10. A digital blanker for scanned displays of a CRT comprising:

an X-axis deflection input;

a Y-axis deflection input;

a video input;

a clock input;

deflection means connected to said X-axis deflection input and said Y-axis deflection input, said deflection means comprising horizontal and vertical deflection amplifiers;

first shift register means connected to said video input and said clock input for coordinating the timing of said video input;

electronic circuitry means connected to said X-axis deflection input, said Y-axis deflection input and said clock input for digitizing said X-axis deflection input and said Y-axis deflection input to obtain a digitized position of a scanned CRT beam;

storage means for recording a predefined area of the scanned display where blanking is required;

blanking select latch means for determining which pattern has been selected;

first gate means coupled to said storage means and said blanking select latch means for ANDing an output of said storage means with an output of said blanking select means;

second gate means coupled to said first gate means for ORing together outputs of said first gate means;

flip flop means coupled to said second gate means and said clock input for coordinating timing of an output of said second gate means;

third gate means coupled to said flip flop means and said first shift register means for ORing together an output of said flip flop means with an output of said first shift register means;

video shift register means connected to an output of said third gate means and said clock input for coordinating timing of video blanking signal; and,

video amplifier means connected between said video shift register means and said CRT for amplifying the video blanking signal, said amplified video blanking signal controls blanking of video on said CRT.
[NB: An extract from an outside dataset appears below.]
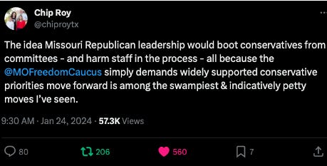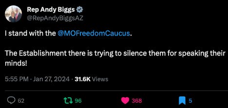 Missouri RINOs Retaliate Against MO Freedom CaucusMOFC receives air support from the national House Freedom Caucus...and wins!Friends, It has been less than a month since we helped launch our latest Freedom Caucus in the great state of Missouri and they’ve already upset the Swamp in Jefferson City so much that their RINO leaders retaliated against them. Last week, the Missouri Freedom Caucus (MOFC) attempted to pressure the legislature to finally pass Initiative Petition (IP) reform, in order to stop left-wing dark money from being able to influence ballot measures in Missouri. This is an issue that the entire Republican apparatus in the state - including the RINOs - have professed is incredibly important. The RINO leadership in the MO Senate was holding IP reform up, so the MOFC responded by blocking Gov. Mike Parson’s administration appointments until it was brought up for a vote. In response, not only did the RINOs that run the Missouri legislature refuse to bring up IP reform, a key campaign promise from the state’s Republicans, but the RINO Senate Pro Tempore Caleb Rowden removed State Senators and MOFC members Rick Brattin, Bill Eigel, Andrew Koenig, and Denny Hoskins from their roles as Chairs and Vice Chairs of various committees. All they asked was for the senate to pass IP reform. That’s all it took for them to get booted from their committees. We’ve seen this happen so many times. Our members were removed from committees in Idaho for calling out the special interests that have control over the state government. Our entire South Carolina Freedom Caucus was booted from the GOP Cloakroom for refusing to sign a “loyalty pledge” to never criticize their fellow Republicans (most of whom are liberal). And our Georgia Vice Chair Sen. Colton Moore was booted from the Republican Caucus for calling for an investigation of corrupt Fulton County DA Fani Willis. It only took less than a month for the delicate sensibilities of Missouri RINOs to rear their ugly heads. For more, watch this segment that MOFC member Sen. Bill Eigel did with Emerald Robinson. Even though they got booted from Committee Chairs, the Missouri Freedom Caucus clearly has the support from the Show-Me State’s conservative grassroots. Just look at how many people showed up to a rally they had in the Missouri Capitol after Rowden purged our members from their committees. The Missouri Freedom Caucus also got tremendous “air support” from House Freedom Caucus members in DC. In the end, the Missouri Freedom Caucus won! Leadership buckled and allowed IP reform to pass through the committee and go to the Senate floor. It also clears the way for other conservative priorities to move, like school choice. The Missouri Freedom Caucus will never stop fighting to give Missourians the conservative leadership that they deserve. Read more in this in-depth Associated Press article. Keep fighting, P.S. Your help is critical in building out a network of patriots and freedom fighters throughout our nation’s state capitols and in your home state. Please consider a contribution and join us as we work to advance the cause of liberty. You're currently a free subscriber to State Freedom Caucus Network. For the full experience, upgrade your subscription. |

11. A digital blanker for scanned displays as defined in claim 10 further comprising:

a CRT which receives an amplified X-axis deflection signal, an amplified Y-axis deflection signal and an amplified video blanking signal and provides a composite visual display frame in accordance therewith.
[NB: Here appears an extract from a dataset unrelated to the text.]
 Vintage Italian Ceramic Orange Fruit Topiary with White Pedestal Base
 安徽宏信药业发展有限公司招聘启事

12. A digital blanker for scanned displays as defined in claim 10 wherein said electronic circuitry means comprises:

level shift and attenuation means which are connected to analog to digital converter circuitry means.

13. A digital blanker for scanned displays as defined in claim 12 wherein said storage means comprises:

erasable programmable read only memory, said storage means connected to the output of said analog to digital converter circuitry means.

14. A digital blanker for scanned displays as defined in claim 12 wherein said analog to digital converter circuitry means comprises:

flash analog to digital converters.

15. A digital blanker for scanned displays as defined in claim 10 wherein said horizontal and vertical deflection amplifiers each have longer propagation delays than said video amplifier means.

16. A digital blanker for scanned displays as defined in claim 10 wherein said electronic circuitry means connected to said X-axis deflection input and said Y-axis deflection input converts both the X-axis deflection input and the Y-axis deflection input into digital numbers which represent an address of a beam on said CRT.

17. A method of digitally blanking a scanned display of a CRT comprising:

digitizing a position of a scanned CRT beam;

recording a predefined area of the scanned display where blanking is required;

comparing the digitized position of the scanned CRT beam with the predefined area where blanking is required; and,

applying comparison results to said CRT to blank said predefined area of said CRT.